As I mentioned before, the International Monetary Fund announced last year that it was forced to sell more than 400 tons of gold (in divided lots). Normally only 500 tons of gold are traded in one year, so the additional sale of 400 tons would significantly distort the price of gold.

That is why, in 2008, there was so much volatility in the price of gold. Each time the price of gold increased to be near $1000/oz, the IMF or some other distressed central bank would sell a hundred tons of gold (forcing the price of gold down for the next month).

I believe the IMF (and other central banks) are starting to sell another hundred tons of gold right now. Thus this month would be a very bad time to buy gold.

In April, when the price of gold is around $750/oz, I am planning to buy gold (as bullion certificates within my tax-sheltered retirement savings plan). When I buy in April, I am expecting that gold will go from $750/oz to $1000/oz by year's end.

Why am I getting out of cash (i.e., money funds or guaranteed certificates of savings)?

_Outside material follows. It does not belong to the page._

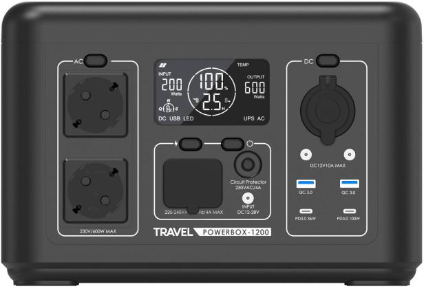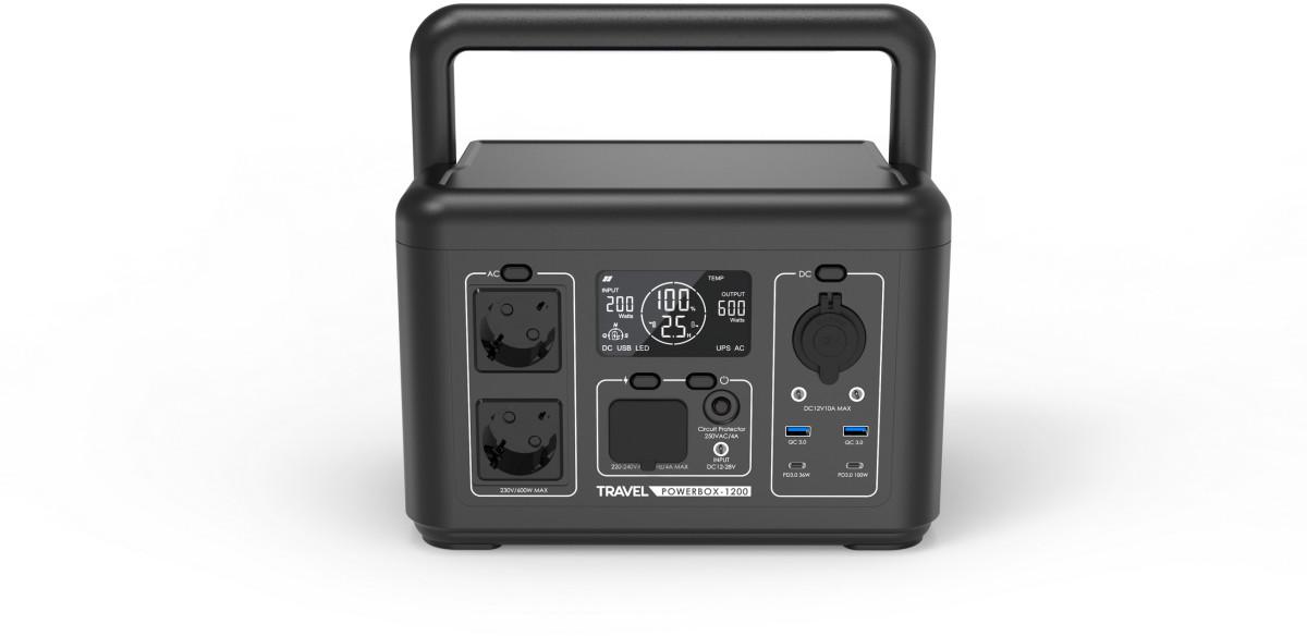 Přenosná elektrocentrála TRAVEL POWERBOX 1200 (600 W) je moderní zařízení, které umožňuje současné napájení několika spotřebičů, například bílé techniky, spotřební elektroniky nebo lékařských přístrojů. Je vybaven výkonnou 512Wh baterií LiFePO₄. Zařízení lze nabíjet pomocí solárního panelu, autonabíječky a ze sítě. Hodí se do interiéru i exteriéru, ať už na cestách, při kempování nebo na jachtě. Díky možnosti nabíjení ze solárního panelu je stanice bezpečná a šetrná k životnímu prostředí. Pracuje tiše a nevytváří vibrace ani nepříjemný hluk. TRAVEL POWERBOX 1200 (600 W) lze také použít jako spolehlivý nouzový zdroj energie při výpadku proudu.

I believe that most countries will experience major currency devaluations this year.

I lost 20% of my life savings (when valued in US dollars) in 2008 when the Canadian dollar dropped 20% relative to the US dollar. I don't want to be in cash this year when our currency is devalued again.

Remember, I am not an economist. I am just a psychiatrist who is watching his life saving's disappear due to the corruption within our financial system. I am not qualified to tell you what you should do with your savings.